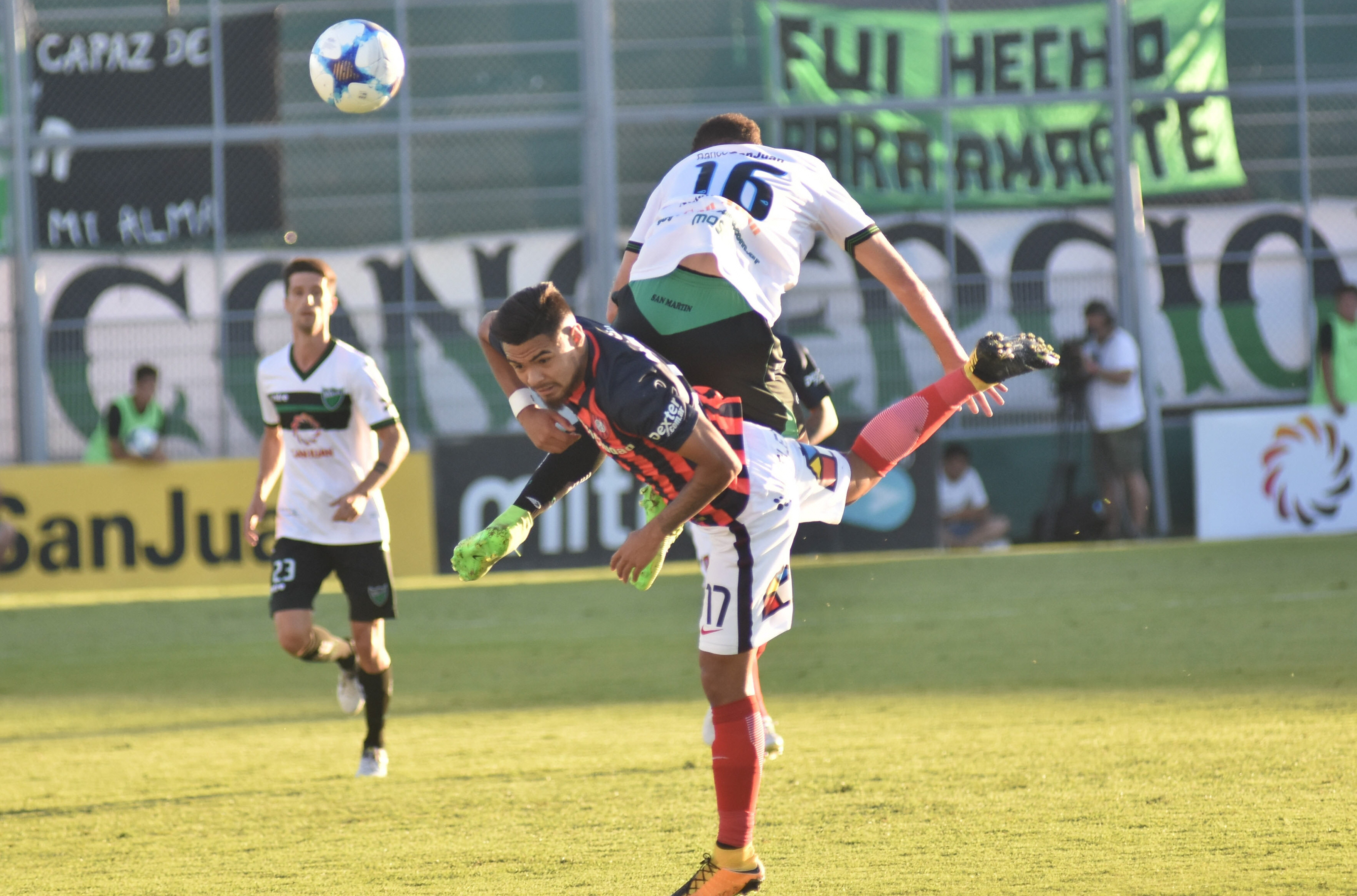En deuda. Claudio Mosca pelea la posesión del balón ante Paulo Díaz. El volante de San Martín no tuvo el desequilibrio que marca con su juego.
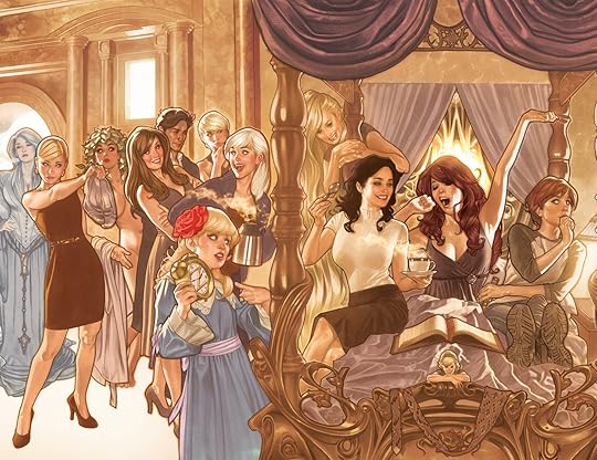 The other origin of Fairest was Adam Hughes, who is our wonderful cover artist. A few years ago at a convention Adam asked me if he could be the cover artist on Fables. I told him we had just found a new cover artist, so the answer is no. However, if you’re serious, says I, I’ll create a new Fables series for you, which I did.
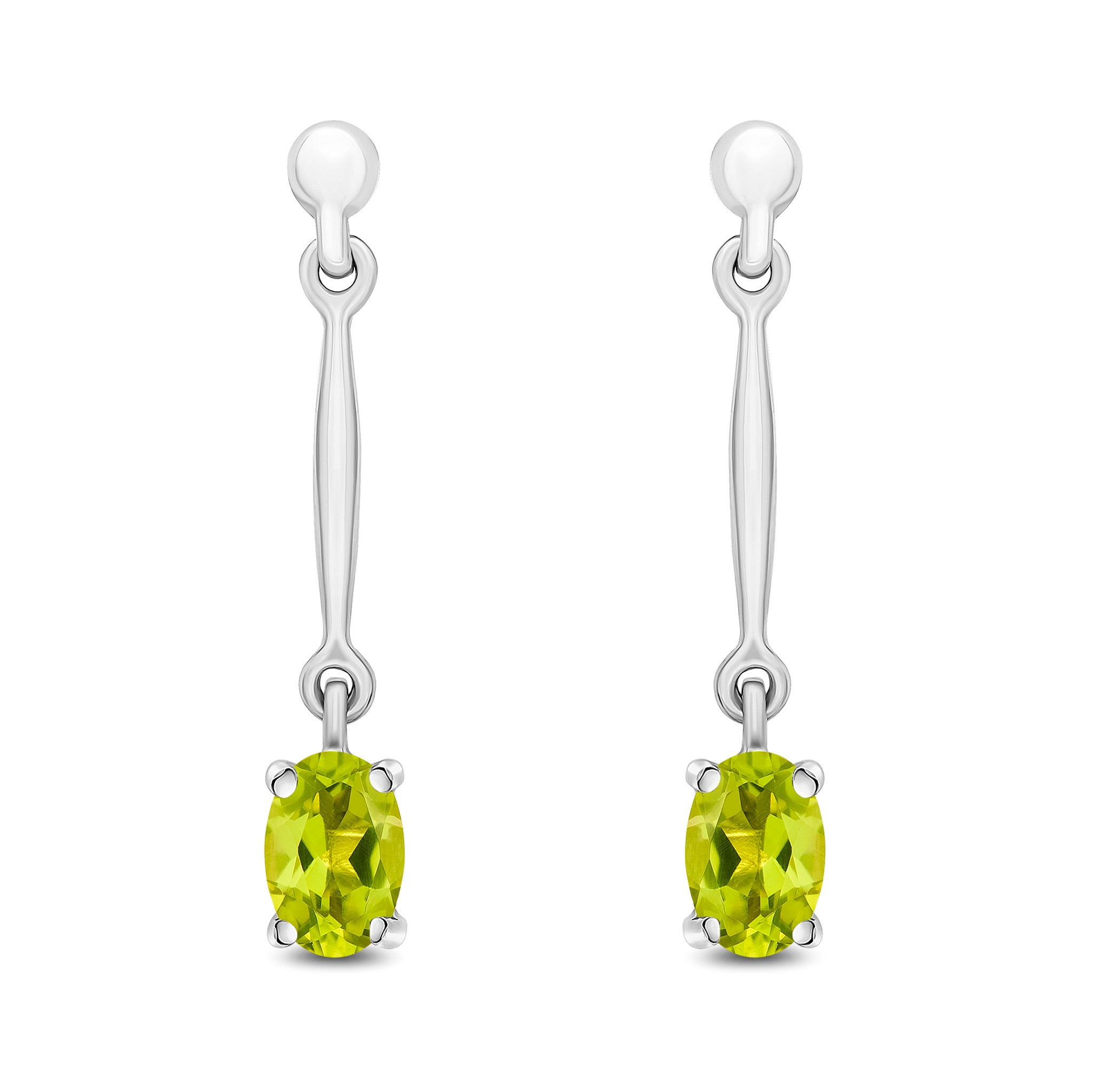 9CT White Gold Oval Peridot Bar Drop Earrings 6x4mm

--------------------

• **EXERCISE DESCRIPTION**:
Output all of the data exactly as it stands, minus any images.

• **REPLY**:
En deuda. Claudio Mosca pelea la posesión del balón ante Paulo Díaz. El volante de San Martín no tuvo el desequilibrio que marca con su juego.
 The other origin of Fairest was Adam Hughes, who is our wonderful cover artist. A few years ago at a convention Adam asked me if he could be the cover artist on Fables. I told him we had just found a new cover artist, so the answer is no. However, if you’re serious, says I, I’ll create a new Fables series for you, which I did.
 9CT White Gold Oval Peridot Bar Drop Earrings 6x4mm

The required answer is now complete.